We first tested whether trypsin digestion affected the replicative capacity of fibroblasts at the first, second and 9th transfers, by comparing two and four days of digestion to no trypsin treatment. The overall cumulative lifespan for undigested explants was shorter (Supplementary Figure 1), indicating that there was no detrimental effect of trypsin digestion on the final cumulative lifespans.
We determined the effect of serial transfer on replicative lifespan by calculating the total cumulative PDs of cells obtained from outgrowths at approximately every 10 transfers. In order to attain the maximum replicative lifespan for each donor culture, a variable split ratio was used because this strategy avoids the loss of proliferative capacity that results from seeding cells at constant density (for example, see Figure 3 in reference 8, where it was shown that seeding adult skin fibroblasts at a density of 1000 cells/cm2 shortened the lifespan by 10 PDs). In Figure 1A the final cumulative lifespan of Fre96s over 70 transfers is shown. For the first 20 transfers, the final lifespans were similar but with subsequent transfers there was an overall trend for the replicative capacity of Fre96s cultures to decrease (Figure 1B). This was also the case for other donors examined (Supplementary Figure S2). The observed reduction in replicative capacity of the HSFs most likely indicates that the fibroblasts continue dividing within the explants during the course of the experiment. However, the lifespan of the culture obtained from the final Fre96s-70 explant outgrowth was greater than those for the 40th to the 60th transfers, which may reflect outgrowth of different sub-populations from within the explant. The final cumulative PDs for each transfer can be used to obtain a more accurate estimate of the lifespan by regression analysis of final lifespans of all explanted cultures (Figure 1B). The lifespan calculated by regression analysis is used in the remainder of this study.

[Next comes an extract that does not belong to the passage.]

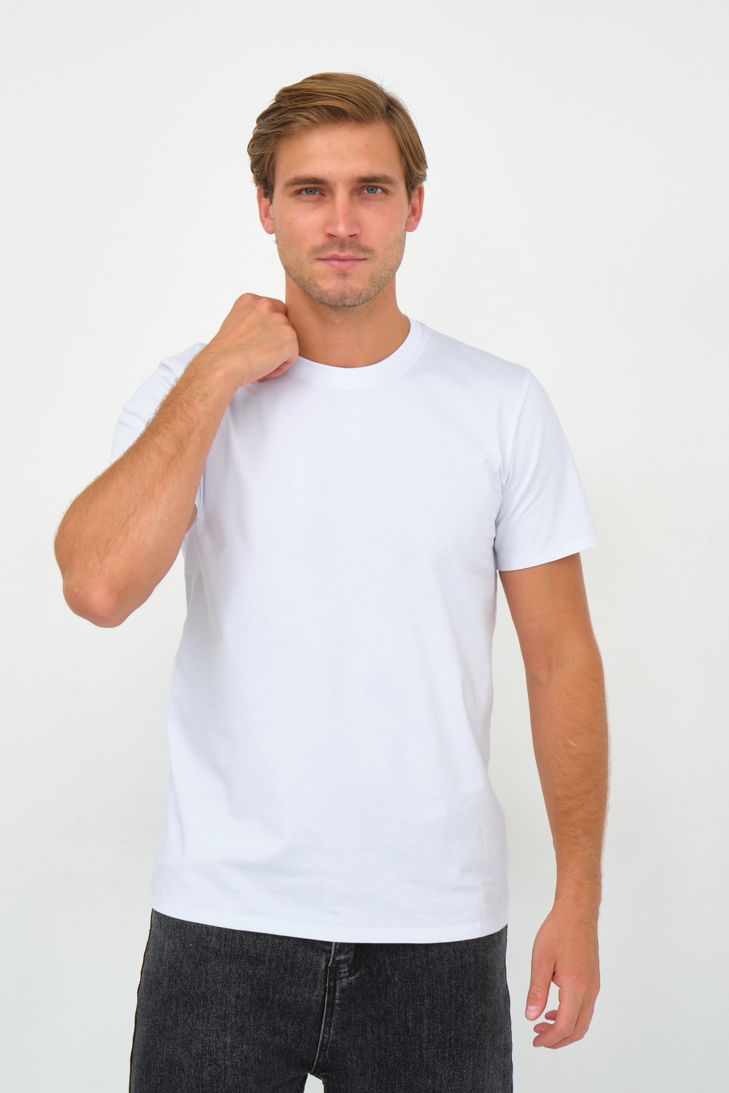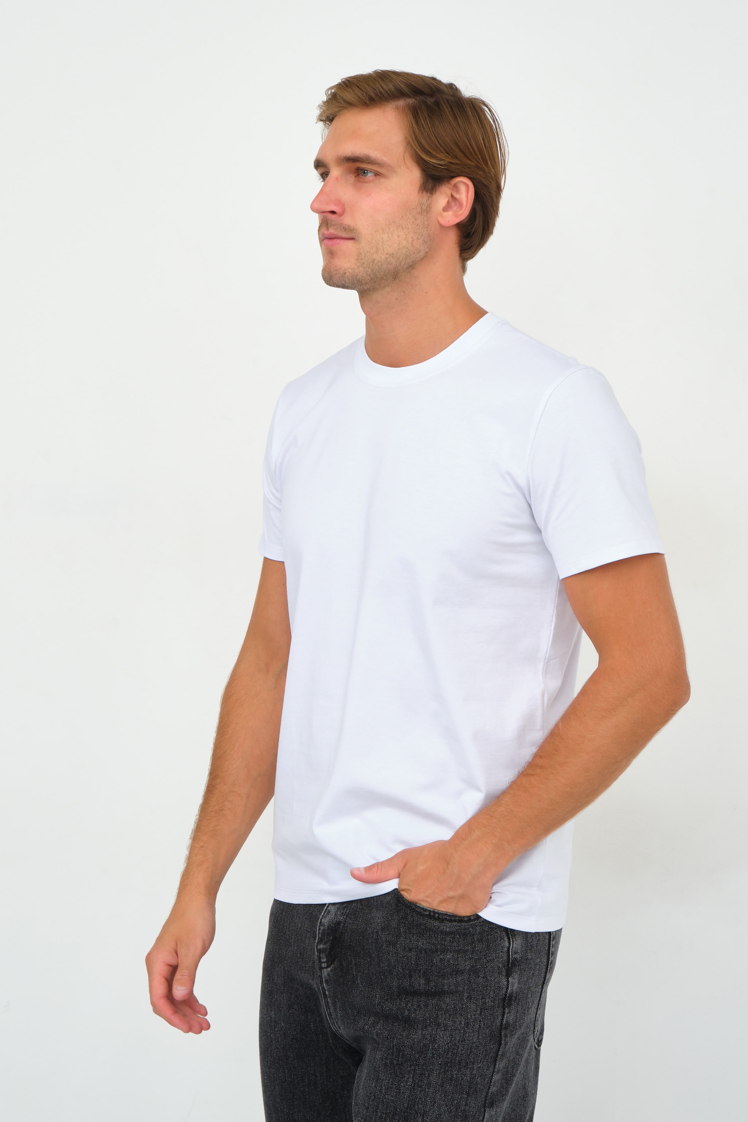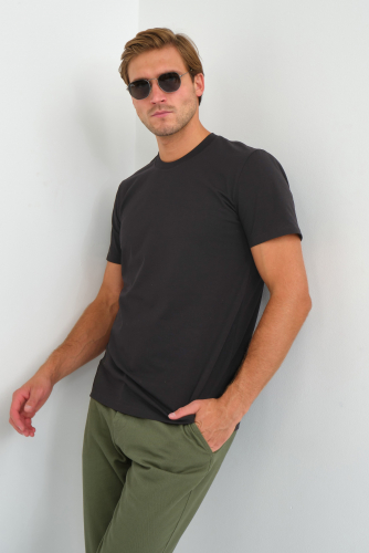 Однотонная базовая модель футболки прямого кроя с коротким рукавом и круглым воротом незаменимый атрибут мужского гардероба.

Although transferring explant cultures for three years is unlikely to become routine, our results demonstrate the capacity of this protocol to increase the number of early passage cells obtained from explants at least 100-fold. At later transfers the HSF cultures had shorter lifespans, but for the first 20 transfers the decrease in lifespan was modest (see Figure 1B, where the first 20 transfers show approximately 10% reduction in overall lifespan). Therefore HSFs isolated from the first 20 transfers would provide a large supply of HSFs with similar growth potentials for experimentation. The lifespan of cultures obtained after 50 to 60 transfers dropped by about 50% compared with the first transfer (Figure 1B; data not shown). Because the flask of cells obtained from tissue outgrowth is usually regarded as PD0, the size of the explanted tissue has an effect on the apparent culture lifespan because more cell generations are required to obtain the first flask of cells growing out from smaller pieces of tissue. In agreement with this, a study using a different explant technique found that a 1mm2 skin biopsy per 25cm2 flask could be transferred four times; the lifespans from the first three transfers were similar, but the replicative capacity of the cultures from the last transfer dropped by 72%, presumably because cells had been depleted in the tissue fragment by the fourth transfer (8).Characterization of HSFs isolated using the serial transfer protocol
HSFs obtained from donors of different chronological ages were used to determine whether age correlated with proliferative potential or cellular stress response. HSFs were obtained from early transfers (first, second, or third) from 16 donors aged 18 to 66 years. The final cumulative PDs ranged from 36.4 to 67.2 and did not correlate with donor age (Table 1 and Figure 2A). The relationship between HSF replicative capacity and donor age has been contentious. Early studies showed a negative correlation between donor age and lifespan (9), but this has not been confirmed by later studies (10, 11). Our study, which analyzed a relatively small cohort, supports the conclusion that there is no correlation between the in vitro growth potential of fibroblasts and donor age (Figure 2B).